------ Task data
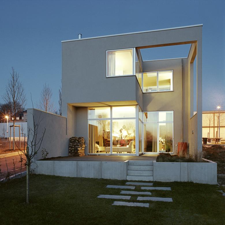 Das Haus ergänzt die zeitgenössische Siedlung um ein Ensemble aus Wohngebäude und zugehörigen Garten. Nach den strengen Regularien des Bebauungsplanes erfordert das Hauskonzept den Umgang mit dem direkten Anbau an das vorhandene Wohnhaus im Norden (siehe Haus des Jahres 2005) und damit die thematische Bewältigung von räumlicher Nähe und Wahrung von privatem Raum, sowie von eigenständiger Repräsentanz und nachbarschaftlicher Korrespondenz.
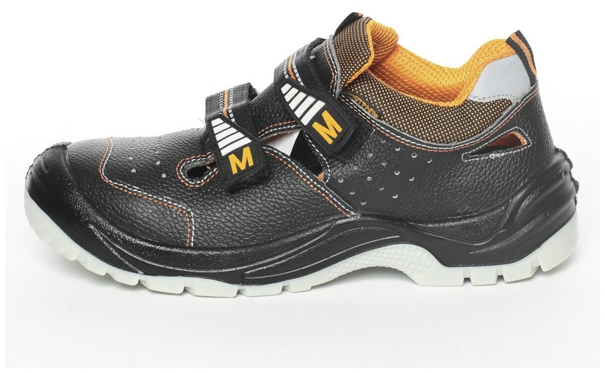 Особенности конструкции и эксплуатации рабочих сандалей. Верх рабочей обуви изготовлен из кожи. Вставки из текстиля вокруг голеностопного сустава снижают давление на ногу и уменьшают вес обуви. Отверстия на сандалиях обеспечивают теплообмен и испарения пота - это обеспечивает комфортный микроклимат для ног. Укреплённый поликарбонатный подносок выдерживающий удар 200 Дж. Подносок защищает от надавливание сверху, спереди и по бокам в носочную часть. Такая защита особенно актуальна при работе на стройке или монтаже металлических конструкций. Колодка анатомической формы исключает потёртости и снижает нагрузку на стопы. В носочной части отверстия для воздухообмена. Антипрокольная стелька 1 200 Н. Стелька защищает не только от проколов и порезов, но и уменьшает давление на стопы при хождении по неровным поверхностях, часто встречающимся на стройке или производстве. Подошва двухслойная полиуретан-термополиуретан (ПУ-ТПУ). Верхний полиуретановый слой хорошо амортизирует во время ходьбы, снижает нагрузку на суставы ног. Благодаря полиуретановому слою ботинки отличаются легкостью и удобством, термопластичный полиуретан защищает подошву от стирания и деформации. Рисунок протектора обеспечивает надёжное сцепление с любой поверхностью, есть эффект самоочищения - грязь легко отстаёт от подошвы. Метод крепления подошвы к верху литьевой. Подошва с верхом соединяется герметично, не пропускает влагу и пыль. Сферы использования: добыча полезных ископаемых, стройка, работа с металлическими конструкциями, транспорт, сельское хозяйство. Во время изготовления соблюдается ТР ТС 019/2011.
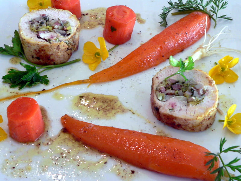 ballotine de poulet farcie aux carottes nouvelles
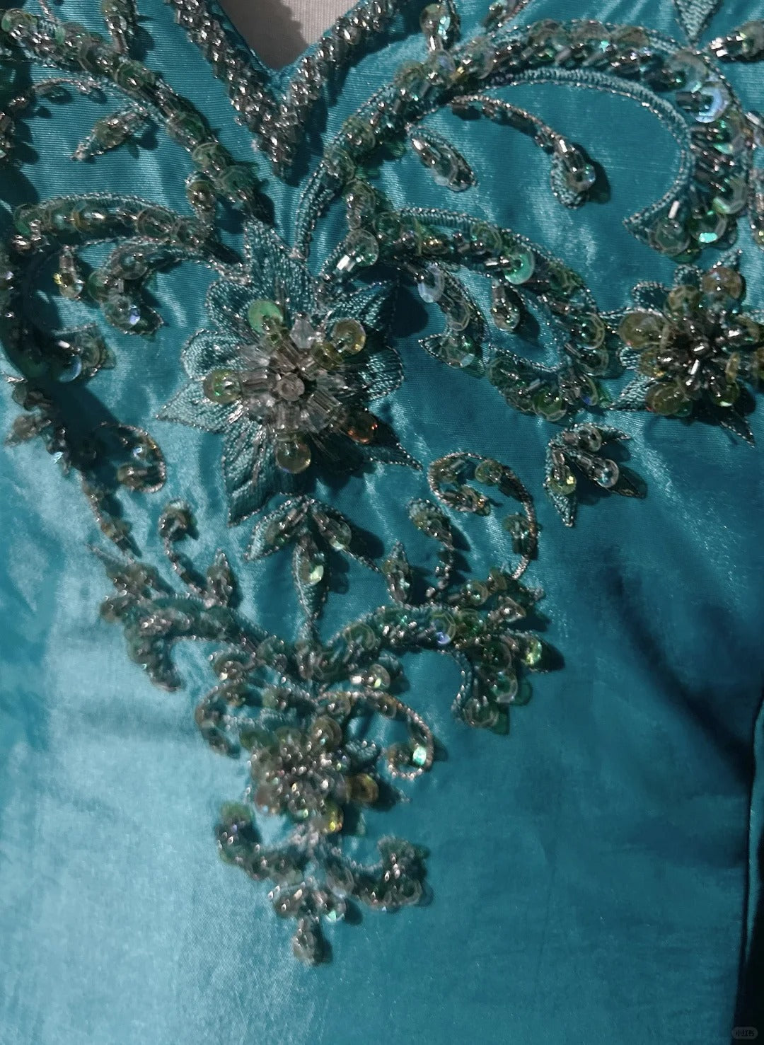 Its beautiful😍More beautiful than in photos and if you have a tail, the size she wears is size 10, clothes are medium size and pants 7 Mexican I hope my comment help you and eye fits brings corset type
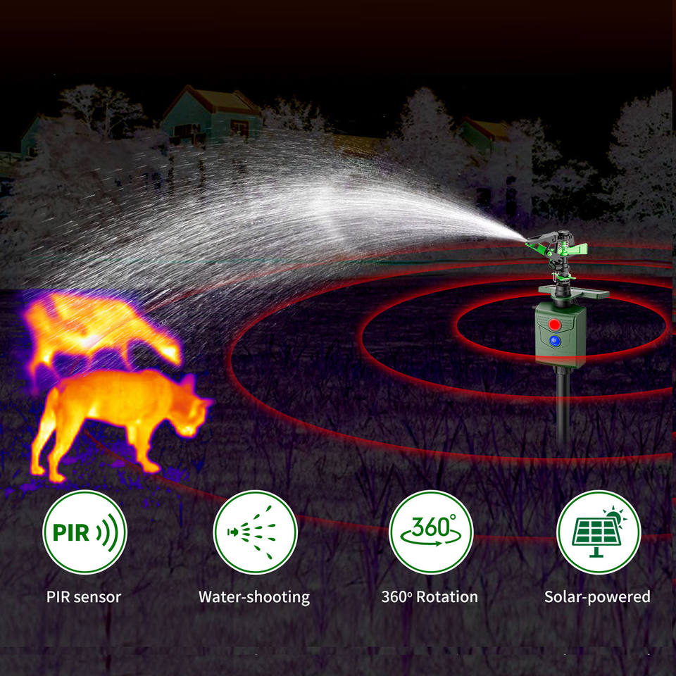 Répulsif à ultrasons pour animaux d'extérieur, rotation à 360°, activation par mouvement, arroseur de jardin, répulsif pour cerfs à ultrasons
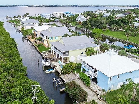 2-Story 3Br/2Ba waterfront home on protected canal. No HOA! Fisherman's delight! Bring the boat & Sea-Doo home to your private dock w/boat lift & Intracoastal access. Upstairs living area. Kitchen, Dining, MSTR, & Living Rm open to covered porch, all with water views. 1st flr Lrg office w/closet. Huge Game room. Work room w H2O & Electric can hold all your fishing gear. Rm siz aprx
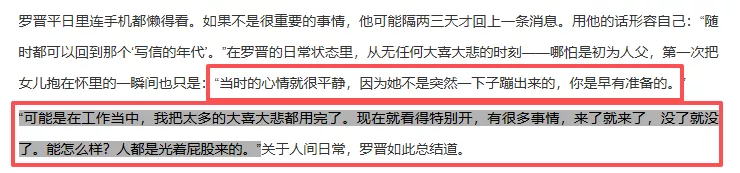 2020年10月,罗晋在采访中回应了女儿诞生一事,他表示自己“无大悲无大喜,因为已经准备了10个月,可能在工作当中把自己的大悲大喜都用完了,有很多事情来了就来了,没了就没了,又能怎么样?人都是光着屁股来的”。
------------
To do: Having found the line with "Особенности конструкции и" and the line with "Répulsif à ultrasons" in the material above, write out exactly those two and every line between, leaving the pictures out.

Exercise solution:
 Особенности конструкции и эксплуатации рабочих сандалей. Верх рабочей обуви изготовлен из кожи. Вставки из текстиля вокруг голеностопного сустава снижают давление на ногу и уменьшают вес обуви. Отверстия на сандалиях обеспечивают теплообмен и испарения пота - это обеспечивает комфортный микроклимат для ног. Укреплённый поликарбонатный подносок выдерживающий удар 200 Дж. Подносок защищает от надавливание сверху, спереди и по бокам в носочную часть. Такая защита особенно актуальна при работе на стройке или монтаже металлических конструкций. Колодка анатомической формы исключает потёртости и снижает нагрузку на стопы. В носочной части отверстия для воздухообмена. Антипрокольная стелька 1 200 Н. Стелька защищает не только от проколов и порезов, но и уменьшает давление на стопы при хождении по неровным поверхностях, часто встречающимся на стройке или производстве. Подошва двухслойная полиуретан-термополиуретан (ПУ-ТПУ). Верхний полиуретановый слой хорошо амортизирует во время ходьбы, снижает нагрузку на суставы ног. Благодаря полиуретановому слою ботинки отличаются легкостью и удобством, термопластичный полиуретан защищает подошву от стирания и деформации. Рисунок протектора обеспечивает надёжное сцепление с любой поверхностью, есть эффект самоочищения - грязь легко отстаёт от подошвы. Метод крепления подошвы к верху литьевой. Подошва с верхом соединяется герметично, не пропускает влагу и пыль. Сферы использования: добыча полезных ископаемых, стройка, работа с металлическими конструкциями, транспорт, сельское хозяйство. Во время изготовления соблюдается ТР ТС 019/2011.
 ballotine de poulet farcie aux carottes nouvelles
 Its beautiful😍More beautiful than in photos and if you have a tail, the size she wears is size 10, clothes are medium size and pants 7 Mexican I hope my comment help you and eye fits brings corset type
 Répulsif à ultrasons pour animaux d'extérieur, rotation à 360°, activation par mouvement, arroseur de jardin, répulsif pour cerfs à ultrasons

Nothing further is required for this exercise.